Reflexiones sobe la obra de Adalberto Agudelo-Duque
Adentrarse con deleite y sin prevención en la obra de un escritor, excluido por la élite editorialista, pero al mismo tiempo premiado con holgura, y casi siempre, por la marginalidad cultural, es un hecho, además de curioso, extraño, insólito, hoy día. Porque navegar en aguas apacibles de nuestra literatura comercial es placentero, embriagador, cautivante; pero cuando nos sumergimos en torrentes corrientosos de un escritor poco rentable para el negocio del libro, pero con una propuesta bien estructurada y de gran calidad, el papel del navegante exige algo más que “el piloto automático” en nuestro viaje. Su escritura, prolífica, variada, con matices diversos, exige del lector una actitud alerta y creativa, pues se trata de una obra construida con múltiples perspectivas, donde la trayectoria argumentativa se arma en diferentes niveles y en dinámicas sorpresivas, nada lineales; donde, al igual que en la realidad cotidiana, los eventos se suceden no sólo secuenciales, uno tras de otro, sino que además pueden ocurrir simultáneos, sincrónicos; donde las palabras tienen la pretensión de atrapar el juego caleidoscópico de nuestra realidad, tarea nada fácil.
El escritor Adalberto Agudelo-Duque, manizaleño, nacido en 1943, decidió elegir un camino sinuoso en su escritura, alejado de las modas literarias, distante de las directrices consumistas, a leguas de la banalidad superflua de la cultura mostrona y aparente. Lo que sí hizo fue basar toda su obra, incluso “Suicidio por reflexión”, su ópera prima, en la riqueza inagotable, encantadora, avasalladora, del pueblo, del trabajador asalariado, del estudiante hambriento, del carpintero, del voceador, del vago, del borracho, del travesti arrabalero, de todas y todos los que sobreviven por el milagro de la cultura, de la solidaridad, de la caridad. Es allí de donde extrae la savia que alimentará toda su obra. Es una de las fuentes, quizá la más trascendente, en las que se sustenta toda su escritura. Encuentra allí la riqueza exuberante para construir su propio mundo literario, abigarrado, fractálico. Algunos ejemplos de esta raigambre popular en algunas de sus obras se presentan a continuación.

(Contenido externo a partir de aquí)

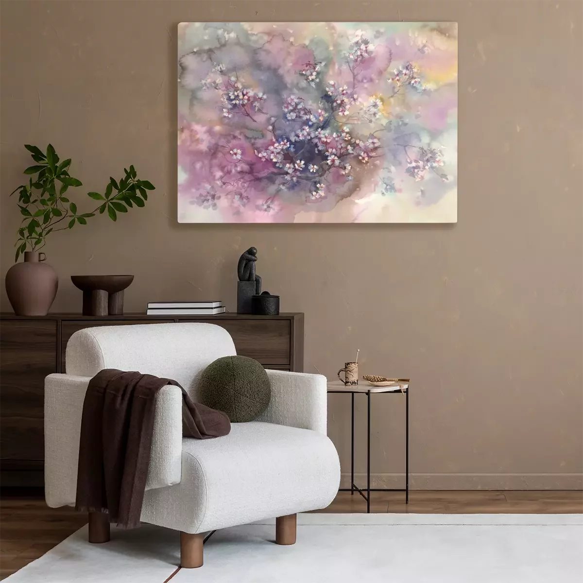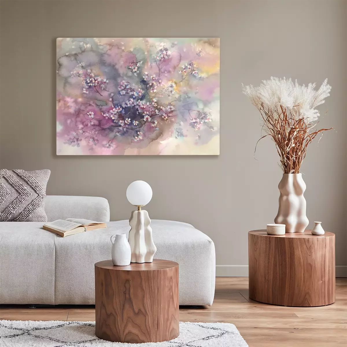 Canvas: Kersenbloesems op een aquarelachtergrond

En “Suicidio por reflexión” se lee: Continúo mi oficio. Con más cuidado que antes despojo a las canecas de los tesoros cristalizados en cortezas que he de vender con mis hermanos a veinticinco centavos el saco”. “Por una vez más grito mi periódico con fuerza. Por fin empiezo a vender mis pasquines. Oscar Olivares, el potencial suicida de la novela, representa a Adalberto en sus años de juventud sobreviviendo en medio de incertidumbres incontables, descritas con rabia y desesperación, pero con fruición literaria, propia del autor.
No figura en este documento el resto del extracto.